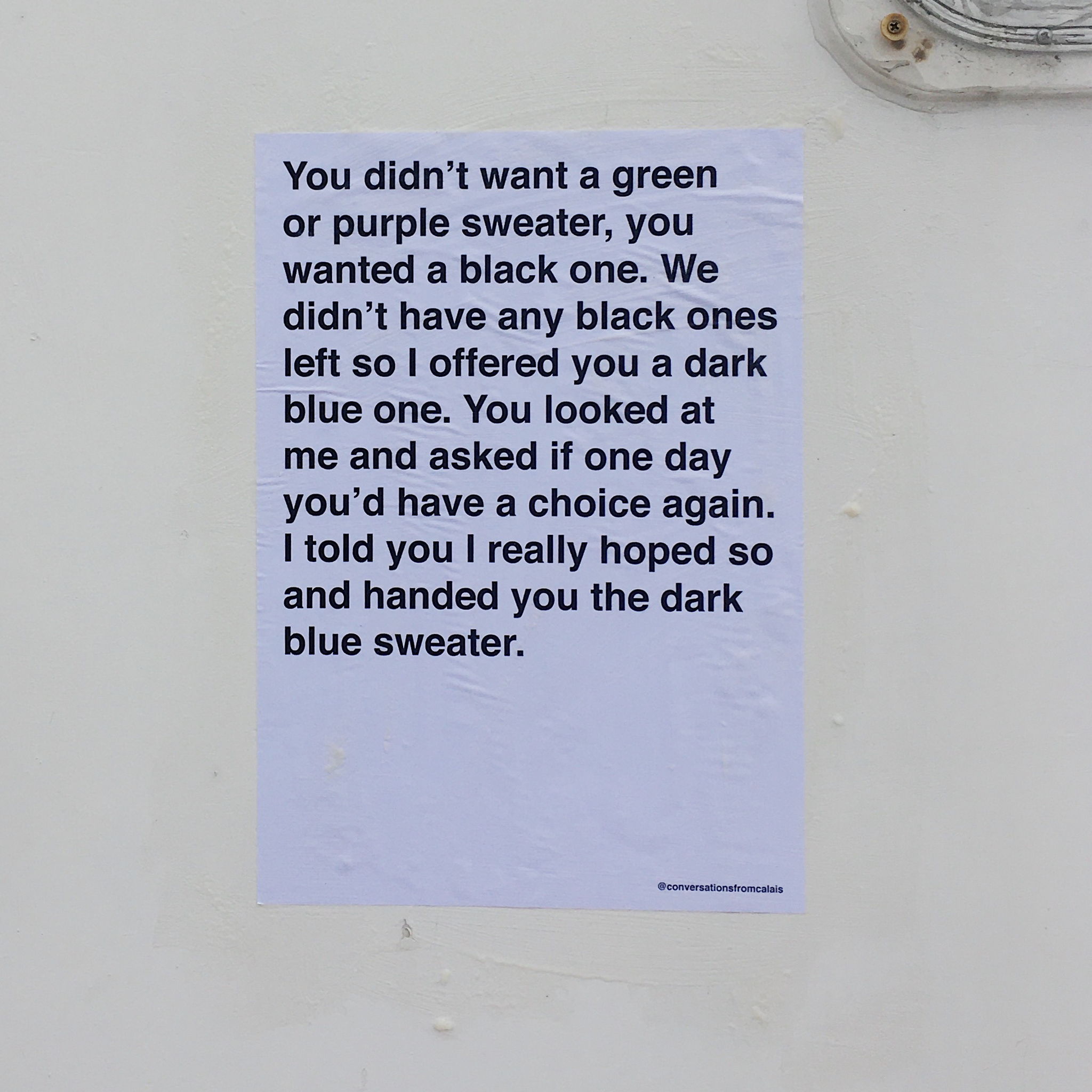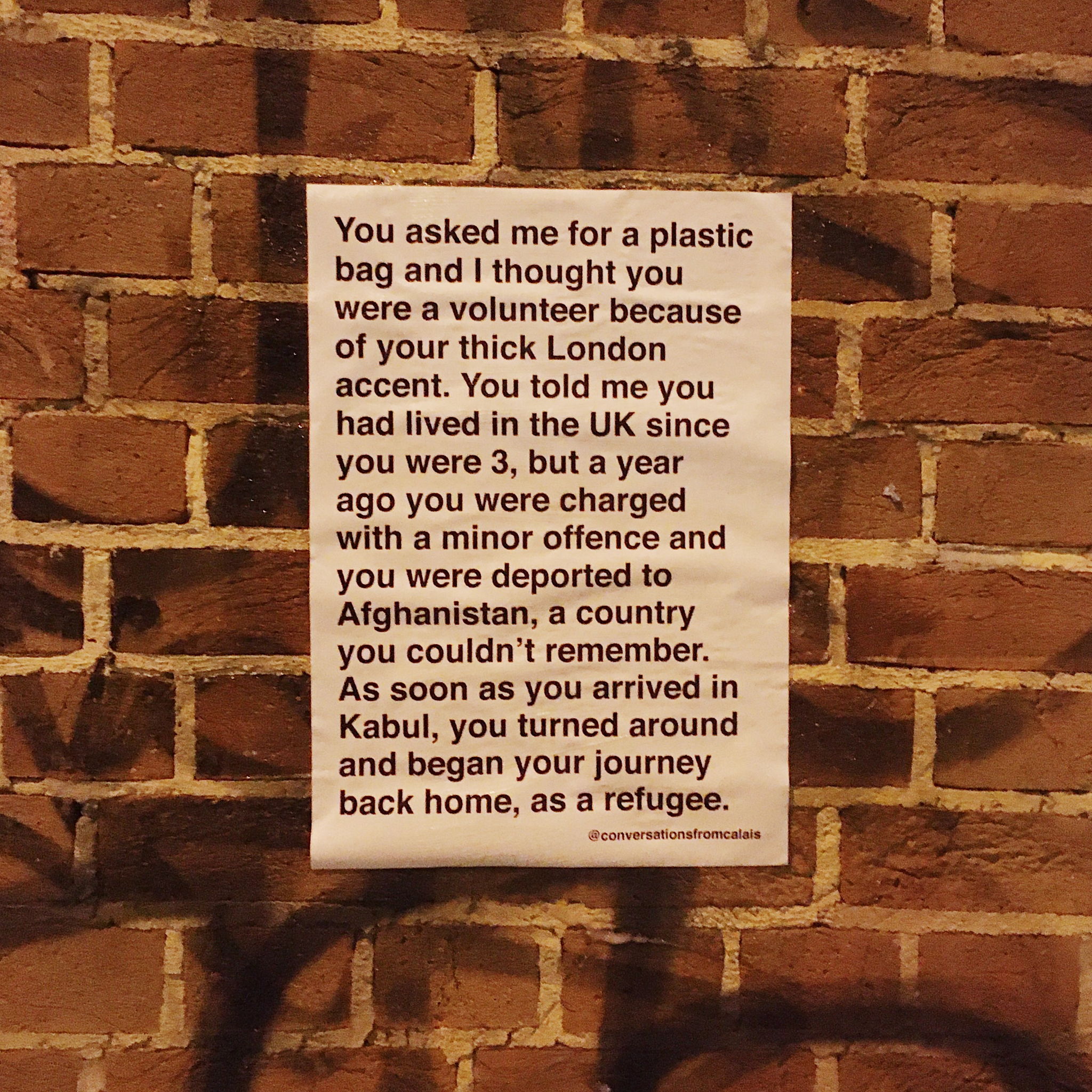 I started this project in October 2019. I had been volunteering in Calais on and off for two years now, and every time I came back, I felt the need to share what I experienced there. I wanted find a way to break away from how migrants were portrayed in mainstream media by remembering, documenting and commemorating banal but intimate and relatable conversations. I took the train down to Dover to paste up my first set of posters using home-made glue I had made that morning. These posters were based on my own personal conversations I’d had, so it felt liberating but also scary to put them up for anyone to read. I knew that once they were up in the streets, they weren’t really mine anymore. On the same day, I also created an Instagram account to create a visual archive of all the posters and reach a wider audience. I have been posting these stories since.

...

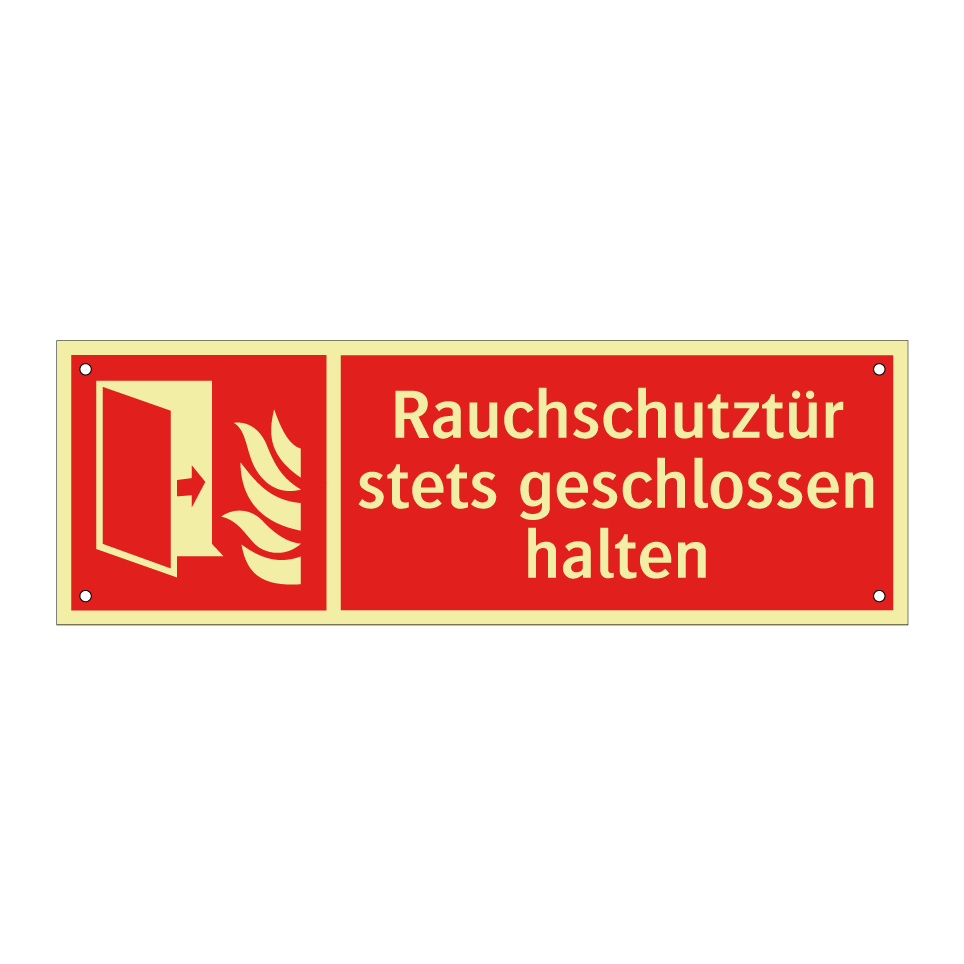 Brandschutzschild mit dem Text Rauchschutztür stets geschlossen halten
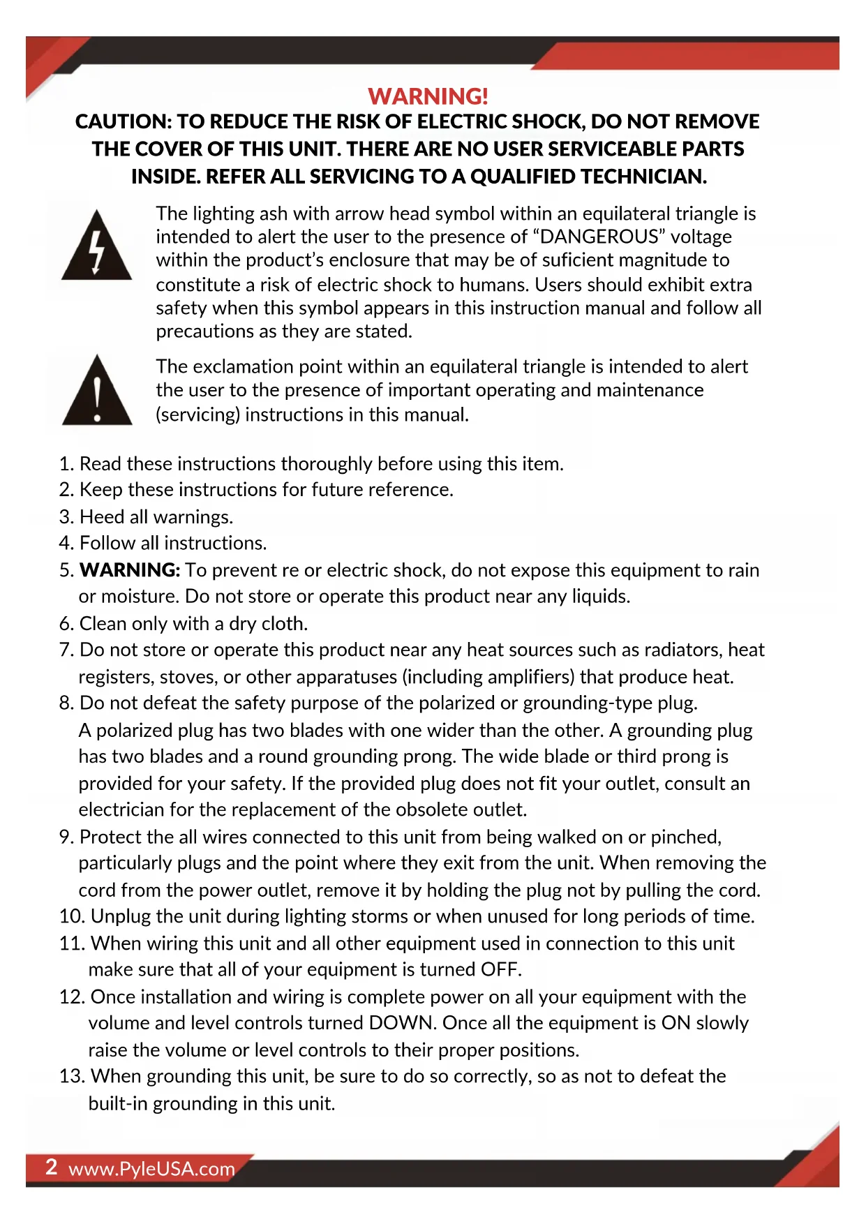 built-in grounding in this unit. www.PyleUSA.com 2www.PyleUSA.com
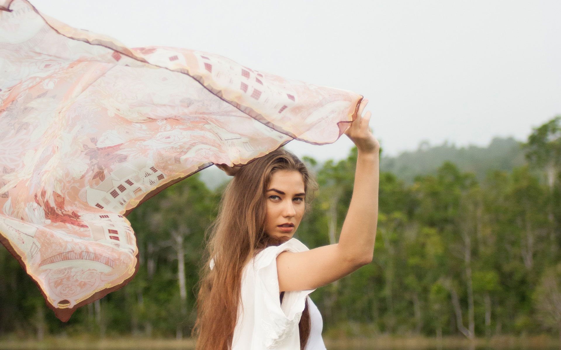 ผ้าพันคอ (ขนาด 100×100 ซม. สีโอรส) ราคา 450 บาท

* **WORK INSTRUCTIONS**: The expected output is the lines above from the one containing "Brandschutzschild mit dem" to the one containing "ผ้าพันคอ (ขนาด 100×100", both ends included, reproduced exactly with every picture left out.

* **ANSWER BOX**:
 Brandschutzschild mit dem Text Rauchschutztür stets geschlossen halten
 built-in grounding in this unit. www.PyleUSA.com 2www.PyleUSA.com
 ผ้าพันคอ (ขนาด 100×100 ซม. สีโอรส) ราคา 450 บาท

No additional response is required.